** Data for review follows **
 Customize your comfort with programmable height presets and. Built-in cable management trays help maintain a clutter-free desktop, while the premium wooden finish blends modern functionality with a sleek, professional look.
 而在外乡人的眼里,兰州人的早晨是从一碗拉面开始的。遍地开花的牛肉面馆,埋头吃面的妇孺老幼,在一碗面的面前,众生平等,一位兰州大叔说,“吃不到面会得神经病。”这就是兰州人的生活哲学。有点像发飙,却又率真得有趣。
** End of Data for review **
** Data for review follows **
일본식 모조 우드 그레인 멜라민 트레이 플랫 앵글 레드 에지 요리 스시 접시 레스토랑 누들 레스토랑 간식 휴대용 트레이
** End of Data for review **
From the data above, output only the lines between the line containing "Customize your comfort" and the line containing "而在外乡人的眼里,兰州人的早", inclusive, exactly as written.

**Answer to this exercise:**
 Customize your comfort with programmable height presets and. Built-in cable management trays help maintain a clutter-free desktop, while the premium wooden finish blends modern functionality with a sleek, professional look.
 而在外乡人的眼里,兰州人的早晨是从一碗拉面开始的。遍地开花的牛肉面馆,埋头吃面的妇孺老幼,在一碗面的面前,众生平等,一位兰州大叔说,“吃不到面会得神经病。”这就是兰州人的生活哲学。有点像发飙,却又率真得有趣。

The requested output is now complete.